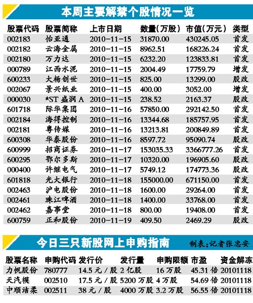 西南證券分析師張剛表示,本周3家首發(fā)機(jī)構(gòu)配售股份解禁的公司珠江啤酒、嘉事堂、滬電股份均為深市中小板公司,解禁股數(shù)占原流通股的比例均為25%,占總股本比例均為5%左右,存在較大的套現(xiàn)壓力。
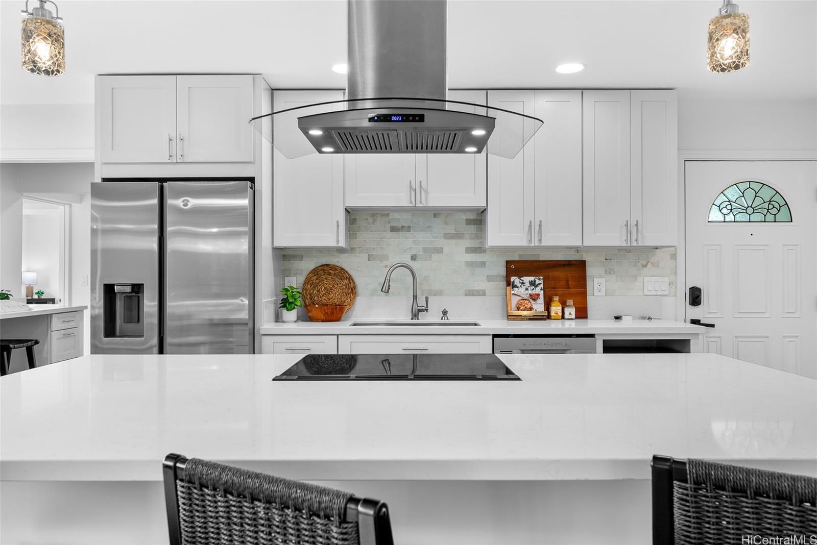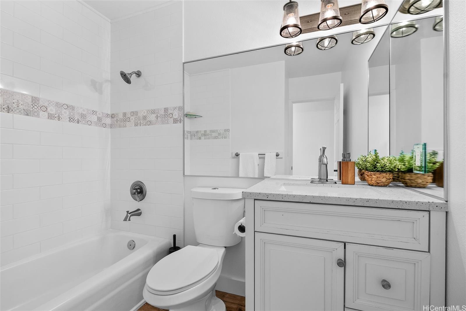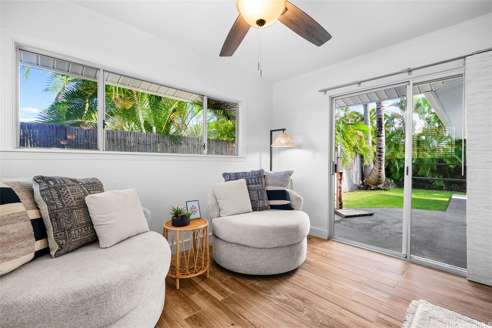 Completely ready to move right in! Brand new gorgeous plank ceramic tile floors throughout home. Open concept floor plan with vaulted ceilings. Large sliding glass doors in living room & dining room bring in brightness & light. Covered 161 sq ft lanai extends the living space with an outdoor/indoor feeling and lovely tropical, easy-to-care for landscaping. All brand new or newer stainless electric appliances in kitchen with newer cabinets, quartz countertops and deep, stainless farm sink. Main home is 4 bedrooms, 2 bathrooms with separate entry lockout studio suite for total of 5 bedrooms, 3 bathrooms and 2,067 sq ft of living space. All bathrooms have been recently updated with attractive tile in shower, new vanities & solid surface countertops. 2 car garage with ample room for storage. 18 owned PV panels help to offset the electric bill substantially. Close to Hamakua Drive and all the great Kailua restaurants, stores and businesses. 1-1/2 miles to Kailua Beach, 12 miles to downtown Honolulu and 19 miles to Honolulu International airport. First Open House: March 1, 2026 @ 2-5pm.
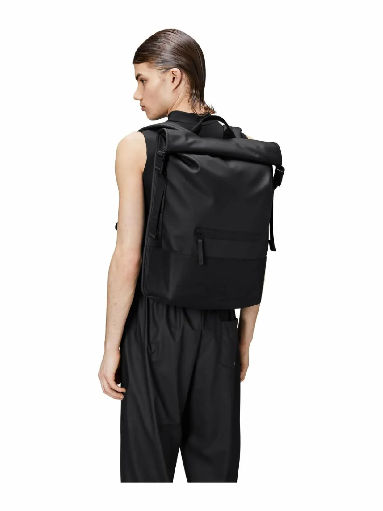 Trail Rolltop -reppu on kaupungin perusvaruste, täydellinen esimerkiksi pyörällä tai kävellen tehtäville työmatkoille. Tyylin viimeistelee ylhäältä rullattava suuaukko. Tämä vedenpitävä laukku sisältää myös sisäisen läppäritaskun, vetoketjullisen etutaskun sekä pehmustetun takapaneelin. Trail Rolltop -reppu on valmistettu Rainsin tunnusomaisesta vedenpitävästä PU-kankaasta, joka on suunniteltu kantokykyä, kestävyyttä ja pehmeää tuntumaa ajatellen.
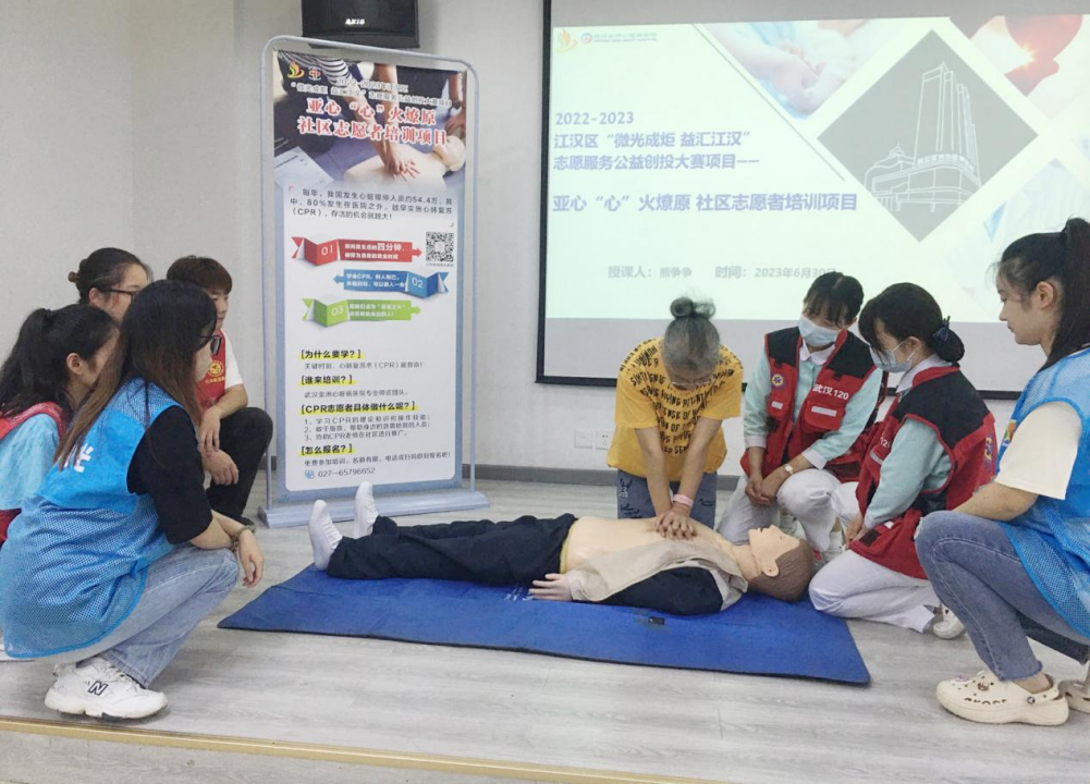 据了解,武汉亚洲心脏病医院坚持开展心肺复苏培训已有8年时间,累计培训了2500余名“救心侠”,今天的活动是首次持续性、系统化对江汉区机关工作人员、社区网格员和志愿者、专业社工等群体开展心肺复苏技术的理论、实操培训,也是亚心“心”火燎原社区志愿者培训项目的首站。该公益项目在今年江汉区“微光成炬 益汇江汉”志愿服务公益创投大赛中荣获一等奖,首批计划培训100名社区志愿者,通过他们将心肺复苏技术普及、传递给他们身边的人,形成“心”火燎原之势,以助于挽救更多的生命。
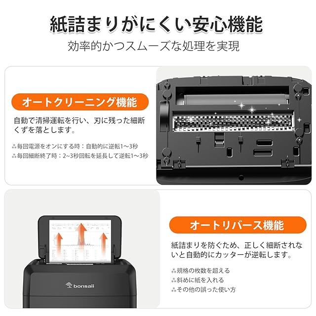 【紙詰まり防止】オートクリーニング&オートリバース機能搭載で、紙詰まりを未然に防止。電動シュレッダーの性能を最大限に活かし、ストレスのない快適な使用体験を実現します。
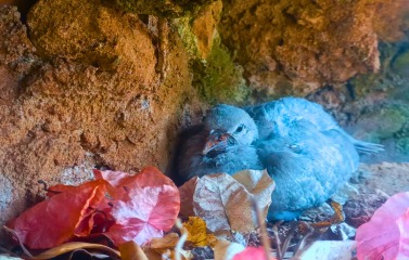 A delicate baby bird rests peacefully in its rocky nest, nestled among dry leaves that rustle gently in the breeze. The scene captures a serene moment in nature, highlighting the tranquility and simplicity of the bird's habitat. The nest, carefully constructed with twigs and leaves, blends seamlessly with the rocky surroundings, providing both camouflage and protection. The baby bird, with its soft downy feathers, looks calm and content, embodying the innocence and beauty of wildlife. The dry leaves add a rustic charm to the setting, their earthy tones complementing the rugged texture of the rocks. This moment is a testament to the harmony of nature, where even the smallest creatures find their place and peace

#####

Assignment
The lines to copy exactly start with the line above that has "Completely ready to" and go on through the line that has "据了解,武汉亚洲心脏病医院坚"; please include both, add nothing else, and omit the pictures.

Output below
 Completely ready to move right in! Brand new gorgeous plank ceramic tile floors throughout home. Open concept floor plan with vaulted ceilings. Large sliding glass doors in living room & dining room bring in brightness & light. Covered 161 sq ft lanai extends the living space with an outdoor/indoor feeling and lovely tropical, easy-to-care for landscaping. All brand new or newer stainless electric appliances in kitchen with newer cabinets, quartz countertops and deep, stainless farm sink. Main home is 4 bedrooms, 2 bathrooms with separate entry lockout studio suite for total of 5 bedrooms, 3 bathrooms and 2,067 sq ft of living space. All bathrooms have been recently updated with attractive tile in shower, new vanities & solid surface countertops. 2 car garage with ample room for storage. 18 owned PV panels help to offset the electric bill substantially. Close to Hamakua Drive and all the great Kailua restaurants, stores and businesses. 1-1/2 miles to Kailua Beach, 12 miles to downtown Honolulu and 19 miles to Honolulu International airport. First Open House: March 1, 2026 @ 2-5pm.
 Trail Rolltop -reppu on kaupungin perusvaruste, täydellinen esimerkiksi pyörällä tai kävellen tehtäville työmatkoille. Tyylin viimeistelee ylhäältä rullattava suuaukko. Tämä vedenpitävä laukku sisältää myös sisäisen läppäritaskun, vetoketjullisen etutaskun sekä pehmustetun takapaneelin. Trail Rolltop -reppu on valmistettu Rainsin tunnusomaisesta vedenpitävästä PU-kankaasta, joka on suunniteltu kantokykyä, kestävyyttä ja pehmeää tuntumaa ajatellen.
 据了解,武汉亚洲心脏病医院坚持开展心肺复苏培训已有8年时间,累计培训了2500余名“救心侠”,今天的活动是首次持续性、系统化对江汉区机关工作人员、社区网格员和志愿者、专业社工等群体开展心肺复苏技术的理论、实操培训,也是亚心“心”火燎原社区志愿者培训项目的首站。该公益项目在今年江汉区“微光成炬 益汇江汉”志愿服务公益创投大赛中荣获一等奖,首批计划培训100名社区志愿者,通过他们将心肺复苏技术普及、传递给他们身边的人,形成“心”火燎原之势,以助于挽救更多的生命。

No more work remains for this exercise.